Brave New World. Television Review.

Liverpool sound and Vision Rating * * *

Cast: Alden Ehrenreich, Jessica Brown Findlay, Harry Lloyd, Nina Sosanya, Joseph Morgan, Kylie Bunbury, Sen Mitsuii, Hannah John-Kamen, Sophie McIntosh, Matthew Aubrey, Ed Stoppard, Kate Fleetwood, Stuart Walker, Ann Akin, Sophia Naziris, Sally Kennington, Demi Moore, Naomi Yang, Lara Peake, Ian Whyte, Rich Hall.

At some point or another, we have all been taken in by the glossy appearance, the fresh paint job on a house and congratulated the owner on their upkeep, the marvellous effort they have put in, and not realising that underneath the exterior lays a house that is not what you’d expect if you walk through the hallway and poke around in the cupboards, the sense of decay is absolute, the unravelling of the Brave New World the owner hoped to have you believe as they presented the lively and bright offering, collapses around your feet as entropy continues its relentless march onwards.

It is to be argued that humanity cannot cope with the stark realisation of utopia, that the ultimate expression of society is in truth an anathema to our very existence; we may want to envision it, to believe it is possible, but we are creatures who revel in the dust, the memory of the past, of individuality has a far greater hold on us that the possibility of what be achieved if we allowed ourselves to be absorbed as one, as a society of no secrets, of accepting that everyone has a right to know what you are thinking as you are able to access their wants and desires at a whim.

Based on the superb, and in many ways more frightening than George Orwell’s vision of the future of 1984, Aldous Huxley’s novel Brave New World, what is placed on screen is perhaps a perfect analogy.
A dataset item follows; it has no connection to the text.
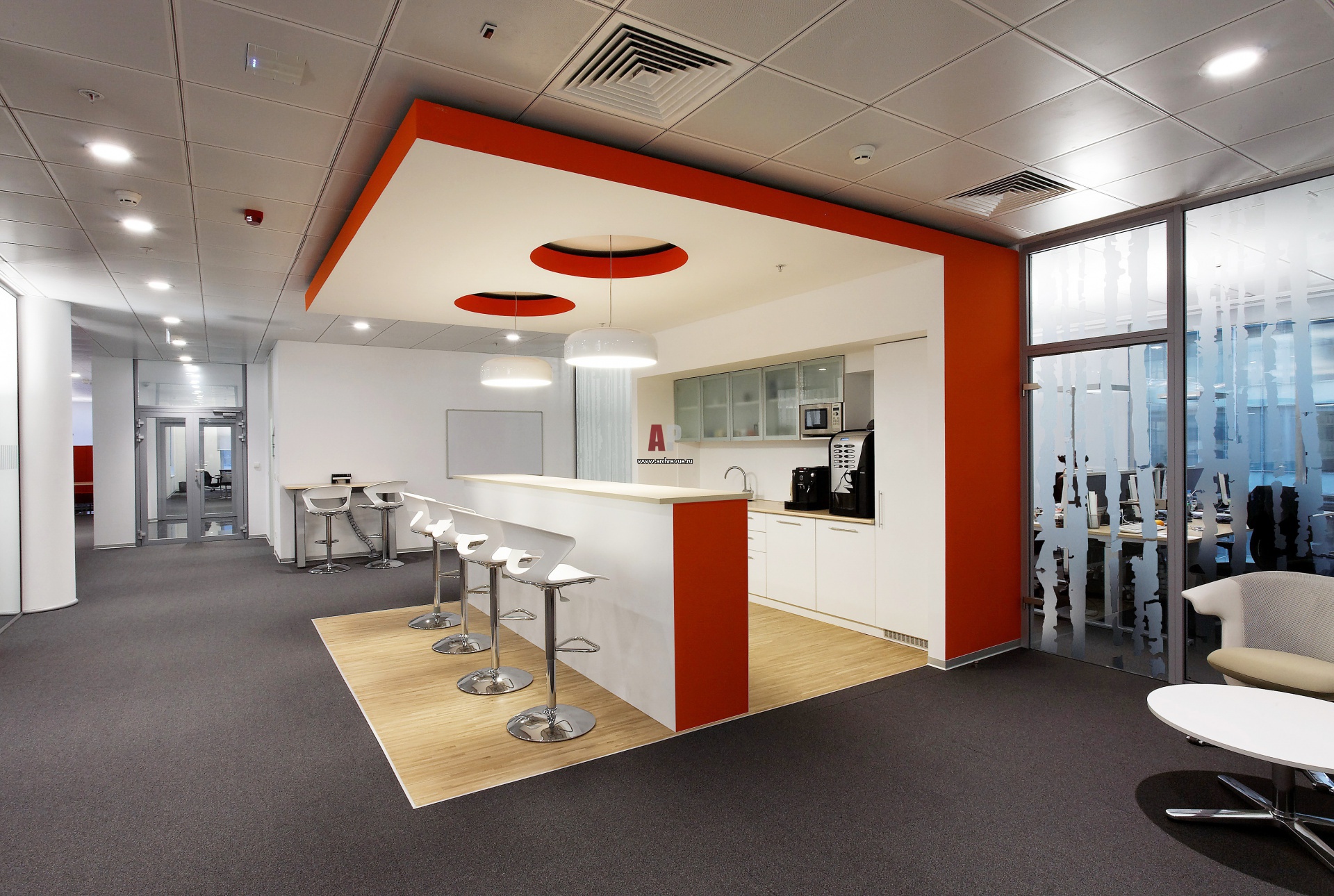 Офис компании «Сименс». Дизайн-проект кофе-поинта на рабочем этаже.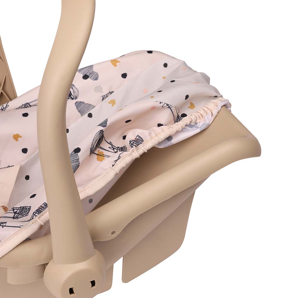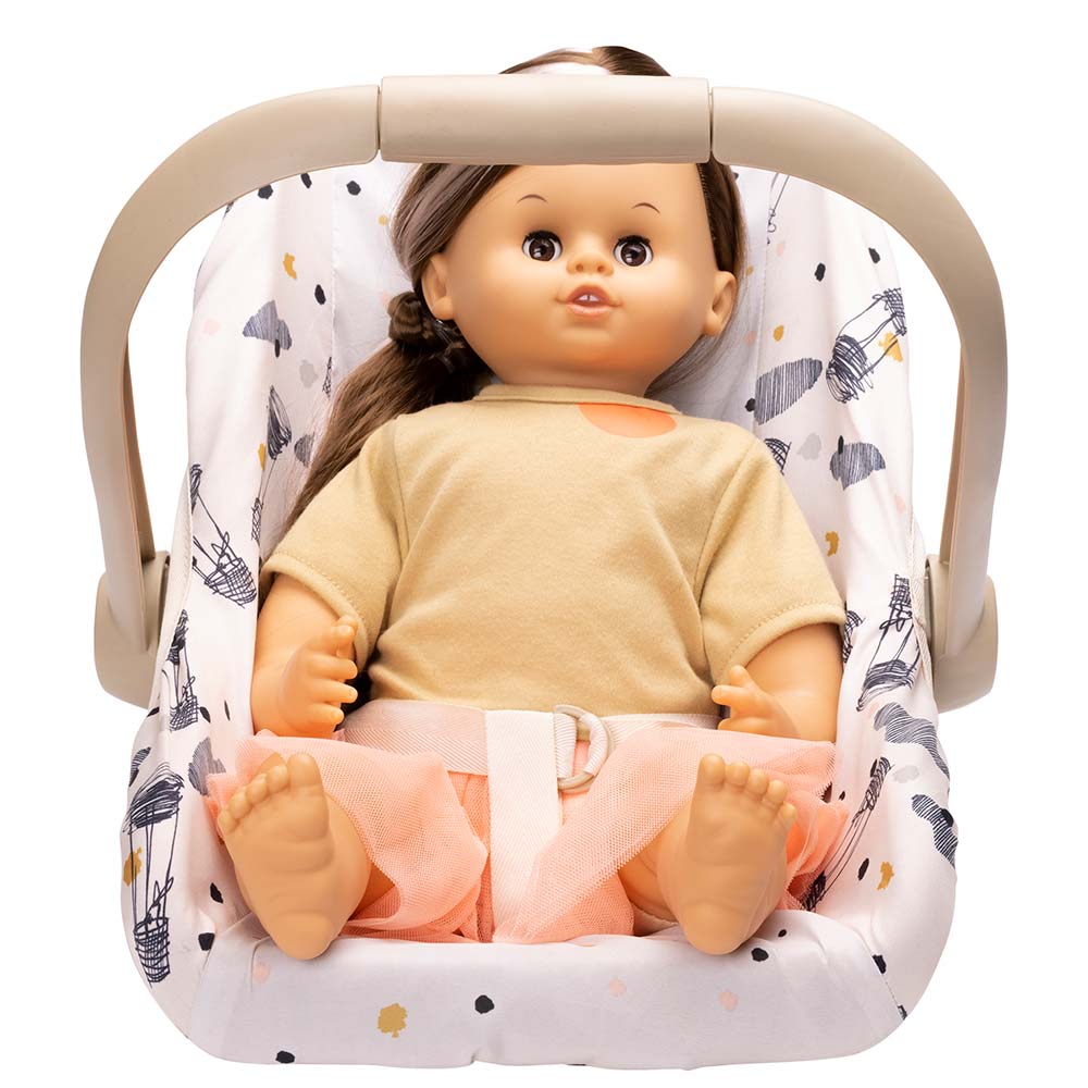 Aby bezpiecznie podróżować samochodem musisz mieć fotelik. Od teraz ma go również Twoja lalka, dzięki czemu możecie razem podróżować i odkrywać świat. Fotelik dla lalki zapewnia jej komfort i bezpieczeństwo, więc możecie cieszyć się zabawą podczas jazdy do woli! Złóż do tyłu regulowany uchwyt fotelika, a Twoja lalka zyska wygodny leżaczek do siedzenia, odpoczynku lub zabawy gdy dojedziecie na miejsce lub zatrzymacie się na postój.

Brave New World is a symbol, for the overreach of humanity’s efforts to paint over a house that inside is crumbling apart. For behind the glossy exterior in which the nine-part series is presented, the knowledge that all is not fully explained, that the feeling of sudden endings broken by the understanding of non-renewal, too much focus on one particular area which can leave a bad taste in the mouth, and the despair that the novel is not consulted to its maximum potential, leaves the house inside one where the owner did not take responsibility, did not use the money they spent, wisely.

It has to be said though that the saving grace of the series is down to the performance of the actors, the sense of battling against the odds keeping them on their toes, and in Harry Lloyd, Alden Ehrenreich, Jessica Brown Findlay, Nina Sosanya and Hannah John-Kamen, the exceptional melding of youth and the insidious belief of what New London stood for was at least capturing the spirit to which the audience would have expected.

Utopia or dystopia, it is easy to see which concept sells and is readily accepted with greater enthusiasm, and it could be argued that in any Brave New World that is offered to us, will surely be on the back of those who resisted giving away their individuality in return for a shiny, glossy appearance.